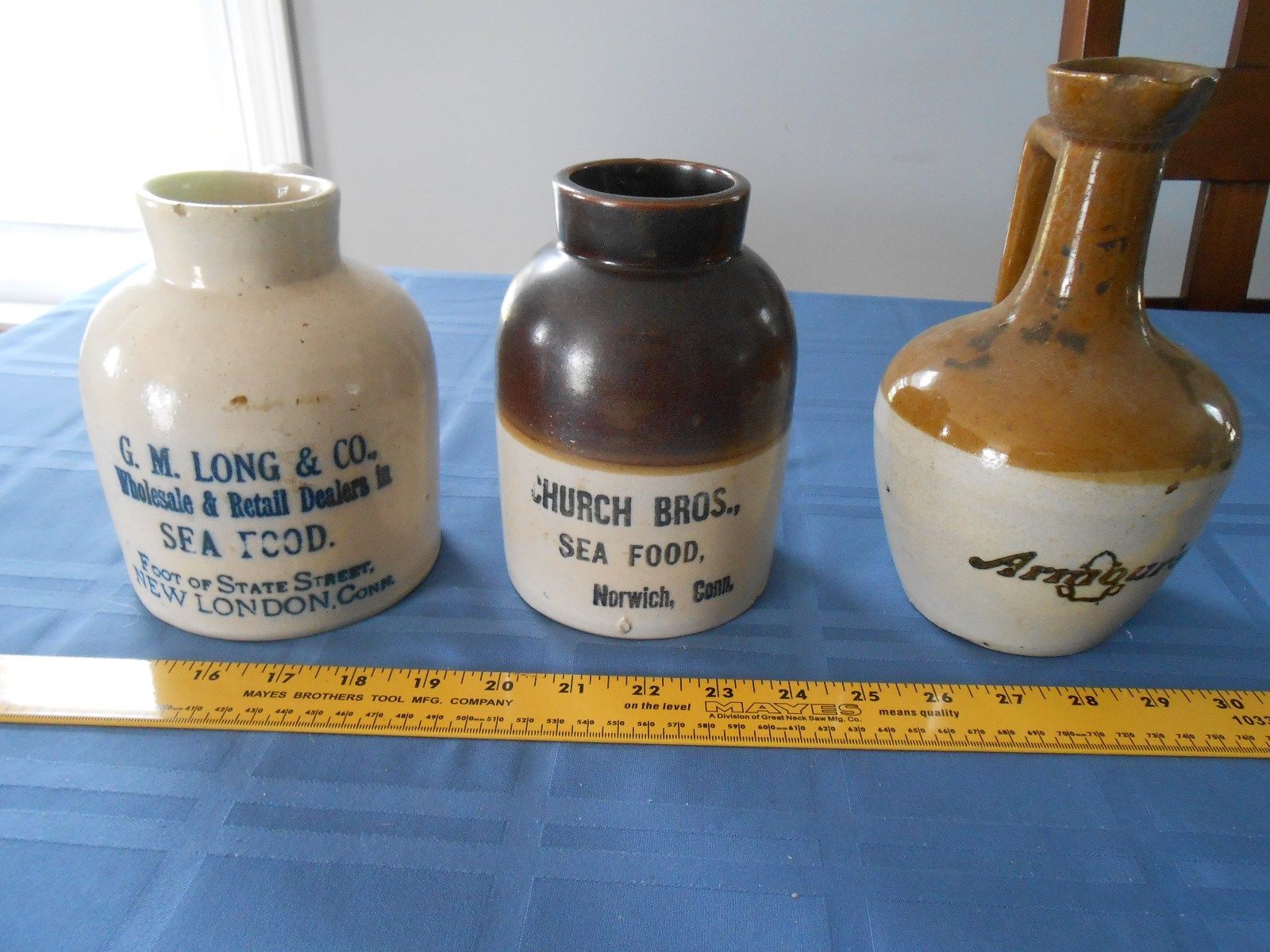 Vintage Pottery Seafood Advertising Jugs Lot of 3
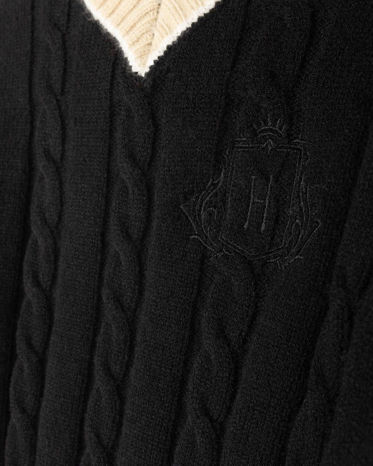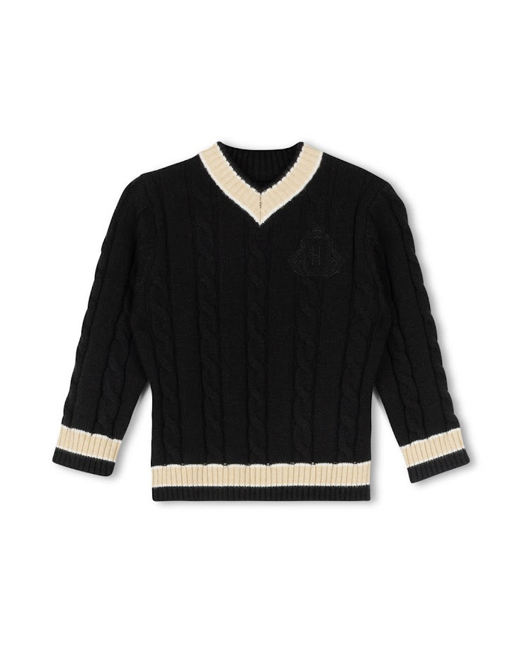 HARPER JAMES BLACK CHUNKY CABLE KNIT EMBLEM SWEATER
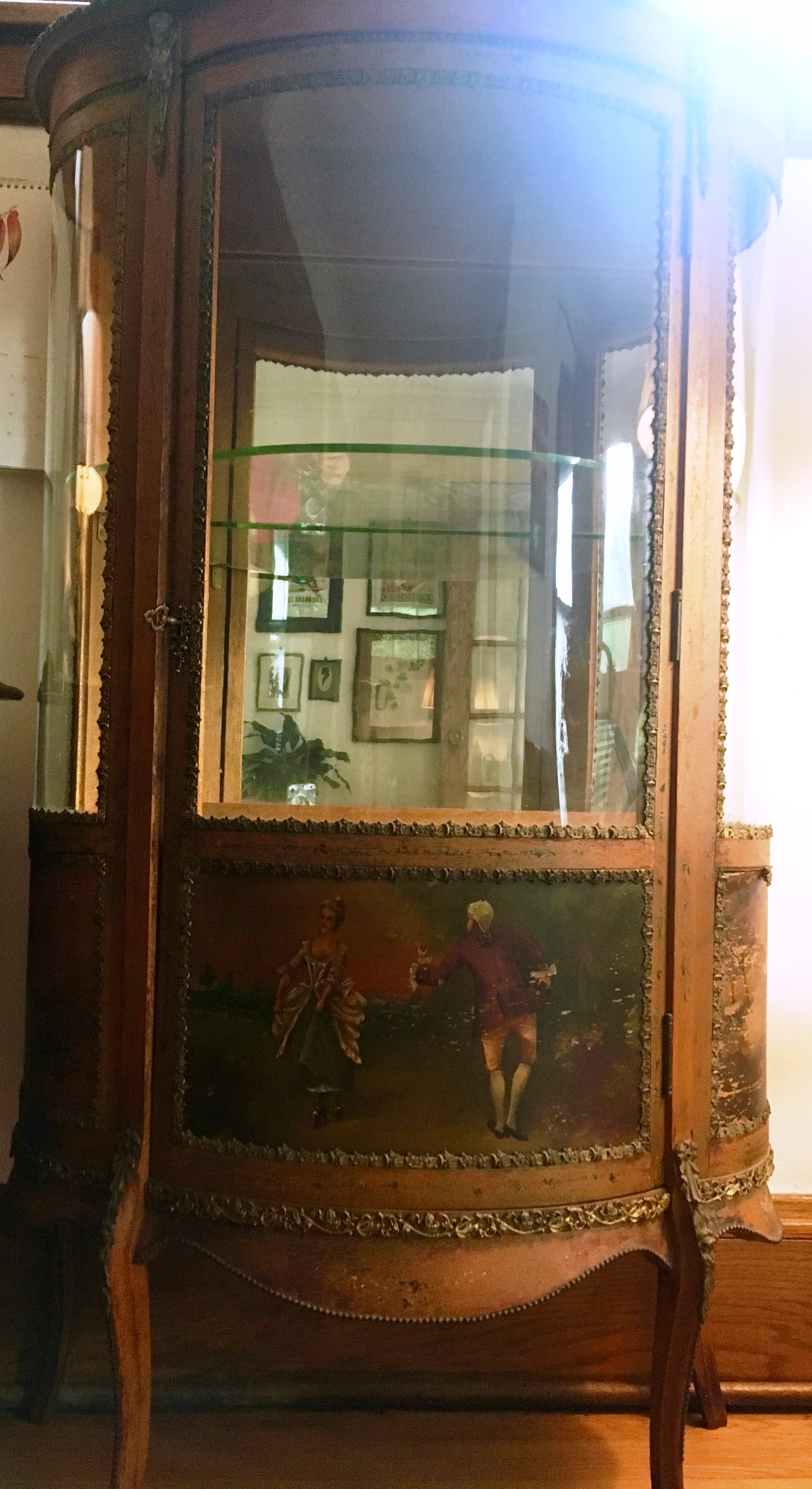 It’s a symbol to me, this curio cabinet. A symbol of my ties to ancestry and place, but also of being stuck in Minnesota and never being able to escape its gravitational pull. So I’ll try to sell it. Some nice gay couple may want it for their Lalique collection.

= = = = = = =

Each line from the first line of the listing above through the line containing "HARPER JAMES BLACK" is to be written out exactly, and the pictures are to be left out.

 Vintage Pottery Seafood Advertising Jugs Lot of 3
 HARPER JAMES BLACK CHUNKY CABLE KNIT EMBLEM SWEATER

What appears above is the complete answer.